With a minute remaining and the Giants poised to drain away all but a few seconds before a tap-in field goal to win, coaches ordered the Pats to play pretend defence.

Ahmad Bradshaw, as much as he tried not to, was allowed to score. Although New England then needed a touchdown to go ahead, the extra time available to Brady made it the better option.

Belichick was not the first Super Bowl coach to wilfully give up a score - Mike Holmgren, 1998, with Green Bay, who also lost - but it was no less bold. Defensive coaches, Belichick included, are programmed to stop the other team. To essentially lay down is no comfortable choice.

"It killed me," Brandon Spikes, the linebacker, said. "When the call came in, I was like, 'What?'

"But in that situation, that's what we're taught to do."

No chance he will kick back with wife/model Gisele Bundchen in the off-season and forget about football, though he might lecture her on disrespecting the Patriots receivers in the presence of recording devices.
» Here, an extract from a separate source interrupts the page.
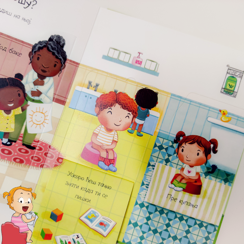 Koristite iste opise i reči kada govorite o upotrebi toaleta. Razgovarajte sa detetom na tu temu, koristite dečije knjige koje obrađuju temu korišćenja toaleta, kako bi razumelo da je to nešto što svi rade. Jedna od tih knjiga jeste ČEMU SLUŽI NOŠA, u izdanju Kreativnog centra.

Ridiculously competitive, Brady will report for training camp ready to fend off challengers to his place on the Mount Rushmore of quarterbacks. (In case you are wondering: Aaron Rodgers, Drew Brees and whoever slides in for Peyton Manning.)

So will his teammates, some of whom donned sunglasses after Sunday's game to hide their tears. They took this defeat gut-punching hard, none more than the wide receiver Wes Welker, who was distraught after his drop.

"In the most critical situation, I let the team down," he said, showing admirable accountability.

The Patriots, as they always seem to do, will reload with two first-round picks. Those surely will be spent wisely.

Bravo, Giants, for two Super Bowl wins in four seasons. They are a model franchise. The supermodel - the Gisele Bundchen of the NFL - remains the Patriots.